We conclude the interview by discussing an article Dr Hill had written in the aftermath of the events that took place in the US Capitol on 6 January 2021, entitled “Yes, it was a coup attempt. Here’s why”. We asked if she could offer insight into why so many House and Senate Republicans declined to refute false narratives about the 2020 election and about what is needed to ensure instances such as those of 6 January don’t happen again.
“It’s all part and parcel of wanting to stay in power. Trump had 74 million people vote for him in the last election. He has a pretty tight grip on the base of the Republican Party. In fact, the bulk of the people who support the Republican Party really support him. It’s certainly a solid core and the Republicans in Congress want to hold onto their seats. Unfortunately, it’s as simple as that. Trump doesn’t repudiate the myth that he won the election. He has become someone who deals in falsehoods and conspiracy theories - it’s a very similar pattern to what you see in Russia. He’s captured the Party. Unless they [Republicans in Congress] could coalesce in some form to push him out, they really feel that they have to go along with all this.”

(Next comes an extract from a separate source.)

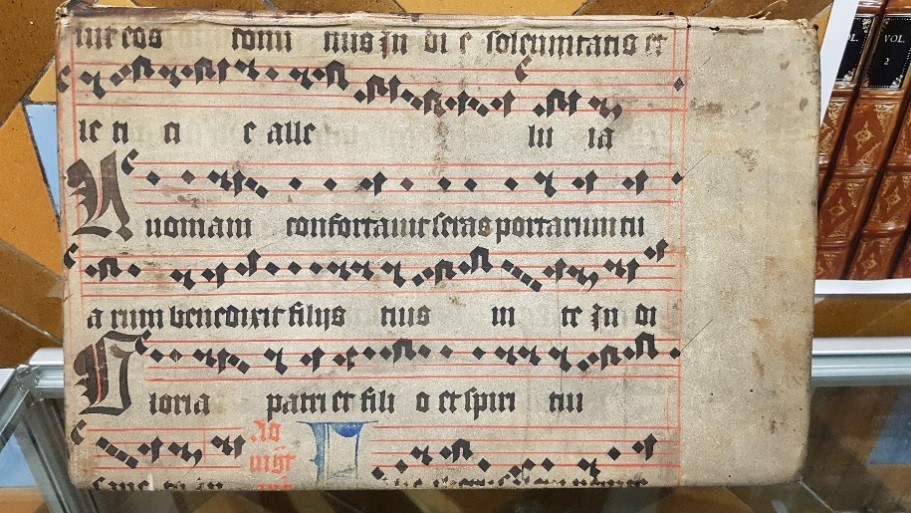Here can be seen on the Leeds copy of the Arbor Aniciana – just such an example of re-cycling where a page from a medieval Psalter containing musical notations, Gloria patri’s and so on has been used as a dust jacket to help protect the original binding of the book.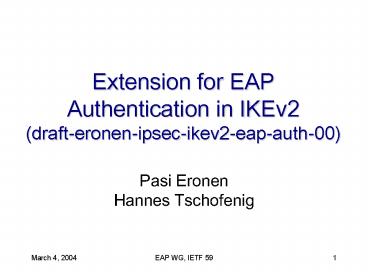 Extension for EAP Authentication in IKEv2 (draft-eronen-ipsec-ikev2-eap-auth-00) PowerPoint PPT Presentation

“Although, we are seeing an awful lot of people deciding to leave the Republican Party. Some people in Congress are saying that they’re not going to run for additional terms and people at the grassroots level are quitting the Party. It’s certainly significant…the Republican Party is sort of ripping itself apart at the moment.”

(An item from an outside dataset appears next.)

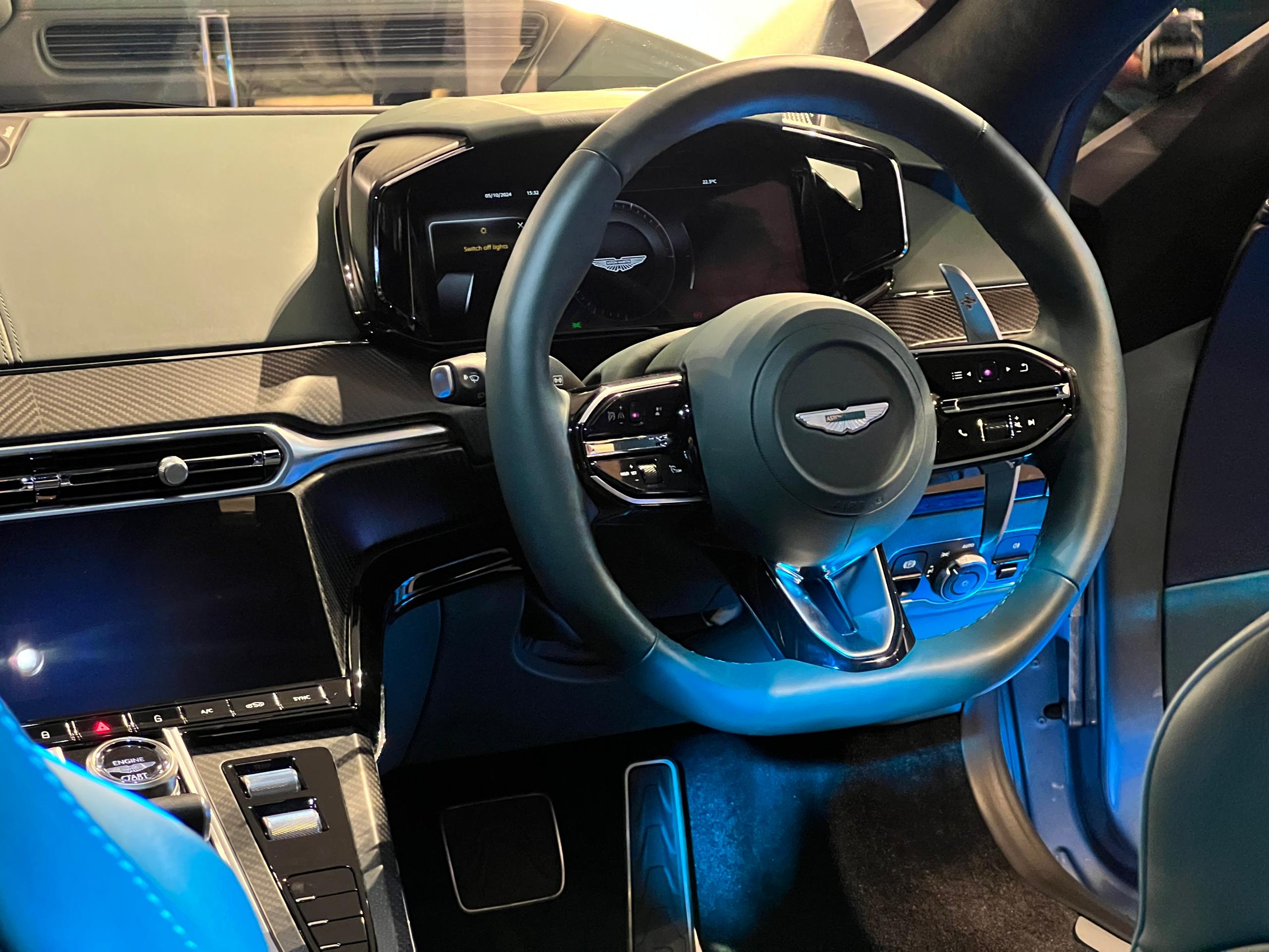- Dihiasi gril logam 5-Vane beserta logo Aston Martin di bahagian bonet hadapan dan belakang.

“In terms of the larger elements of this – ‘the Big Lie’ and the conspiracy theories -, this is something that we have to work on at a societal level and it’s exactly what the Russians have exploited. The United States, unfortunately, has become very similar to Russia in terms of becoming a country that produces and disseminates conspiracy theories. Q-Anon in the United States has spread across Europe and elsewhere. This is going to be something that we have to work on in a very focused fashion. It’s going to have to be worked on in schools and colleges to get people to understand when they’re dealing with misinformation and disinformation, as well as at the level of the media and social media, in particular. There’s a big problem as most of these lies are being propagated through Twitter and Facebook, and [other] social media platforms. They are some of the biggest problems that we contend with right now, so there’s a limit to what the governments can actually do to tackle this.”
“Every single person has a role in this - it’s not something that can be done with a wave of a magic wand from the top. Everyone has to be more discerning and engage in some critical thinking about what they’re looking at and what they’re sending on to everyone. But, again, that has to be part of a national discussion; a national information campaign.”